But what’s more, it’s the stuff of a really good nightmare, the kind that leaves the lasting terror of psychological unrest. It’s Always Sunny goes darkest when getting to the root causes of its misanthropy, and seeing Dennis lay bare his baggage (and his torso) is painful and hilarious in equal measure. What with all the comedy, it’s easy to lose sight of just how broken the regulars of Paddy’s are. Thank god for episodes like “PTSDee,” which coldly test the depth of the characters’ dysfunction. In Dee’s case, the show finds a capacity for cruelty that reaches new depths a decade into the game. In Dennis’s, it finds … Daddy.

Other Notes

• In the episode’s best line, Charlie adds “Charming Taint Man” to the ever-expanding list of nicknames for Channing Tatum, a collection that already includes “C-Tates,” “Chanting Taters,” “the Chan-Man,” and “Jackie Channing Tatum.”
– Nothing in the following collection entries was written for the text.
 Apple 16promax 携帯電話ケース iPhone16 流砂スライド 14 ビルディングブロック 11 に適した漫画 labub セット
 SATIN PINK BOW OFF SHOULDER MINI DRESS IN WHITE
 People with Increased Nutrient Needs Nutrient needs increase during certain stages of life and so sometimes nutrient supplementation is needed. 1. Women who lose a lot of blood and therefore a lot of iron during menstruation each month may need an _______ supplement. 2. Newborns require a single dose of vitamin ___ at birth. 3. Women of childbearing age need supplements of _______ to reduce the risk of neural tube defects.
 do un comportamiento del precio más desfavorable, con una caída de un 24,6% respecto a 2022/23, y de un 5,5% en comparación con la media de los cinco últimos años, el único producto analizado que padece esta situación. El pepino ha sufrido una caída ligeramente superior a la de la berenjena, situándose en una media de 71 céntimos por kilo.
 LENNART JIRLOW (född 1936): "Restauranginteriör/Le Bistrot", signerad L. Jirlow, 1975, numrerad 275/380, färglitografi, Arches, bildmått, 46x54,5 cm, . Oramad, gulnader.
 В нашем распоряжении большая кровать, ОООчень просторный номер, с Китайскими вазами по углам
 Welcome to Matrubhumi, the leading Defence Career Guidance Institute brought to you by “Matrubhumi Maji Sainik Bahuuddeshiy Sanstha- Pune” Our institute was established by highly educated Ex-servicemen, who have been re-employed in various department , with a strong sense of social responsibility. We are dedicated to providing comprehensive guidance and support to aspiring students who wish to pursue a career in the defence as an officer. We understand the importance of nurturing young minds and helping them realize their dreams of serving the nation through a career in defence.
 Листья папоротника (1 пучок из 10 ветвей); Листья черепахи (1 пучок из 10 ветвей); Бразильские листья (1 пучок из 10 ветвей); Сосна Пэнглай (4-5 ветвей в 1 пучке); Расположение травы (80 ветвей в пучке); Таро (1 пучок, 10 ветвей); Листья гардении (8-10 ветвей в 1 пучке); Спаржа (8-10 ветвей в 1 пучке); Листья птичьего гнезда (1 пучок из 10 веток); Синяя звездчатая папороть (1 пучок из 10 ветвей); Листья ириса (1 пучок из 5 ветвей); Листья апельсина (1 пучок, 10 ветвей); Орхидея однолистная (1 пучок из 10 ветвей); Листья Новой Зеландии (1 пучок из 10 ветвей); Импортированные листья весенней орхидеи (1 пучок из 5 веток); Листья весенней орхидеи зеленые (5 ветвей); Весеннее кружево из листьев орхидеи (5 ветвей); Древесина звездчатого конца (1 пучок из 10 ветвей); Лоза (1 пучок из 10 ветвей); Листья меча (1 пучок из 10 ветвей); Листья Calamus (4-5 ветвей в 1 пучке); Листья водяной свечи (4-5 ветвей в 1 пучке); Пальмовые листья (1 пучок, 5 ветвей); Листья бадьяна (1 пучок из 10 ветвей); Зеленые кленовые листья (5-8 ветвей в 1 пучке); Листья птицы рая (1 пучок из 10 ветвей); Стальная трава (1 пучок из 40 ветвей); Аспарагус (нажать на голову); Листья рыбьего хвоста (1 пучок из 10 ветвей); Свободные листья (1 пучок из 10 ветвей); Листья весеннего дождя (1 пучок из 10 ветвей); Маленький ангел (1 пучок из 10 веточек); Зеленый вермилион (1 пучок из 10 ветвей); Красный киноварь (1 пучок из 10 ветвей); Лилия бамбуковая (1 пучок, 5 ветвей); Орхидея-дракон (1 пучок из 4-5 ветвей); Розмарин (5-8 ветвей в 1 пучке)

• In other Charlie news, he believes that the one type of man that all women want to have sex with is … a juggler. As in a person who juggles, he so helpfully clarifies.

• The scenes from inside Frank and Mac’s video game continue this season’s experiments with style, with the gritty first-person-shooter cinematography building on the more visceral action camerawork of the trip to the water park and the polished Making a Murderer mimicry.